DATE : 04/7/95
PARTIES : CN CCROU
This grievance is in regard to a 45-day suspension against Mr. J.P. Larocque of Winnipeg, Manitoba in respect of an alleged violation of General Operating Instructions Item 5.2(a) and (c), Form 696 on April 15, 1993.
The facts are not in substantial dispute. It appears that on April 15, 1993 the grievorís train crew received two separate hot box indications in the course of their trip on the Sprague Subdivision. The first indication appears to have been communicated to the crew at mile 97. At that point, they stopped their train and inspected the 36th car which was the indicated location of the problem. There appeared to be no irregularity at that point and the trip resumed. A second hot box detector was crossed without any exceptions being noted. Finally, at mile 48, the crew was again advised that their train had an irregularity and that a hot box indication was again triggered in respect of the 36th car.

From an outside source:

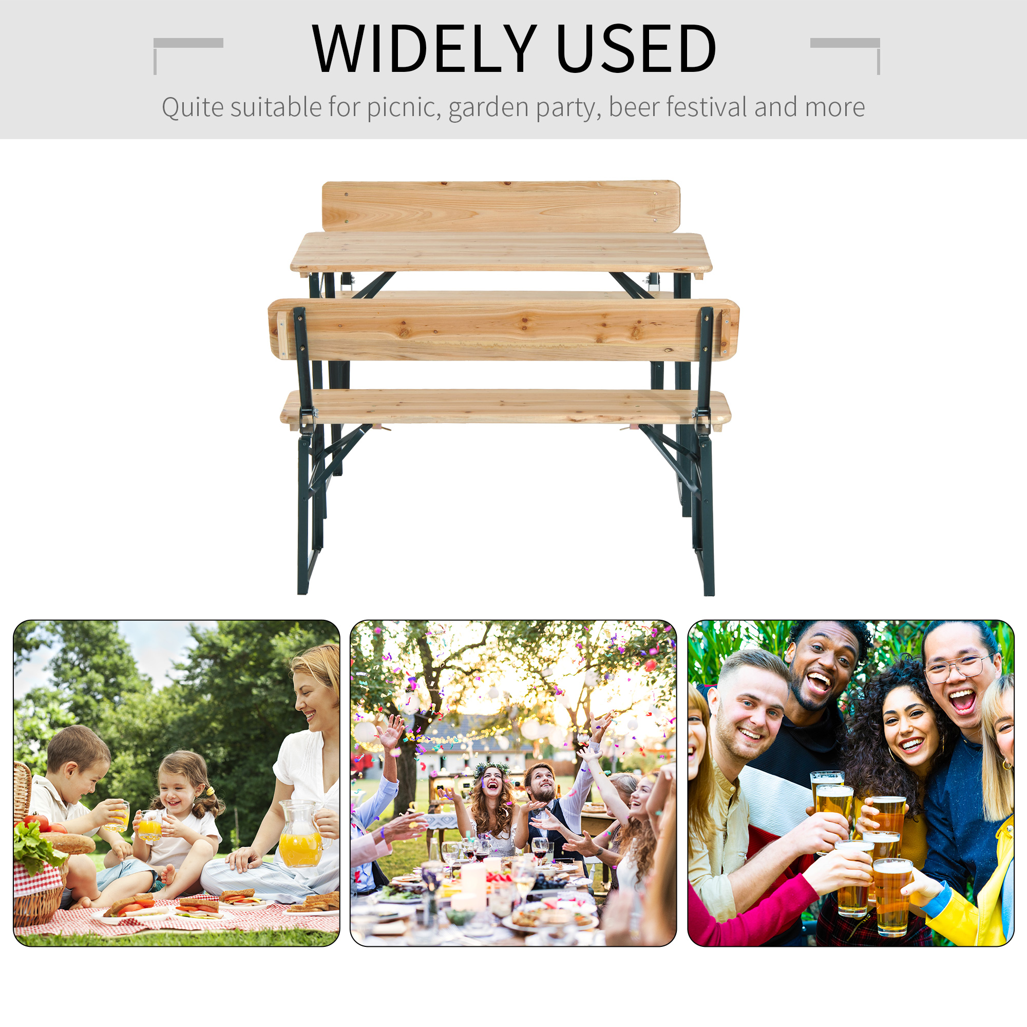 This garden table and bench set is a great item to have in your garden or patio, it can be easily being stored using a simple folding system. The folding garden furniture comes complete with a bench where the backrest folds down and a table. This is ideal for when you have guests around and require extra seating and table.

It is not disputed that at that point, in accordance with the General Operating Instructions, the crew was to stop their train and immediatly inspect the car in question. It also appears to be common ground that, if a problem was detected, they should then set off the balance of their train and proceed with the car at substantially reduced speed to the nearest siding where the bad order car could be set off.
In fact, Conductor Larocque did not stop his train. Rather, he made the judgement that, as the crew was some three to four miles from the nearest siding, they should continue to that point. As the train proceeded, the engineer noticed smoke and dust from the car in question and stopped the train. However, a derailment of the car had already occured causing substantial damage to the track, the total loss being estimated at some $250,000.

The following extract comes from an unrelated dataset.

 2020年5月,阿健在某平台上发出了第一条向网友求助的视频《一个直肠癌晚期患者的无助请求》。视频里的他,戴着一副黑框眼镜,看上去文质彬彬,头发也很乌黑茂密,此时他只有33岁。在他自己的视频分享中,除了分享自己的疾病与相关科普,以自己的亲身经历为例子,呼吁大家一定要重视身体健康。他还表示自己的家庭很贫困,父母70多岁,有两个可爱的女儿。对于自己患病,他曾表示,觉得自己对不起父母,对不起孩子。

There is no issue as to the fact that the grievor is deserving of discipline.The only real issue is the appropriate form and severity of that discipline. The Union places emphasis on the grievorís long service, having regard to his seniority date of 1979 and the fact that his record was clear at the time. It further stresses that he has not had a prior incident of this kind during the course of his service. The Company. on the other hand, stresses the serious nature of the error committed by Mr. Larocque, and the cardinal rule violation which occured.
I am satisfied, on the whole,that the Company is correct in its view that this was a serious error on the part of the Conductor. This was not an act which can be qualified as inadvertence or necessarily an error of judgement. Given that there had been a prior warning in respect of the very same car, it would, in my view, be fair to characterize what transpired as bordering on recklessness. That said, it does appear to the arbitrator that the assessement of a 45-day suspension for a first offence of this kind is, in the circumstances, extremely heavy. While I agree with the Company that a suspension is appropriate to bring the severity of this action home to the employee in question, and as a deterrent to other employees, I am satisfied that a 30-day suspension would be appropriate in these circumstances.
For all of the foregoing reasons, the grievance is allowed, in part . The arbitrator directs that the grievorís record be amended to show a 30-day suspension and that he be compensated for the balance of any wages and benefits lost.
DATED at Toronto this 4th day of July, 1995.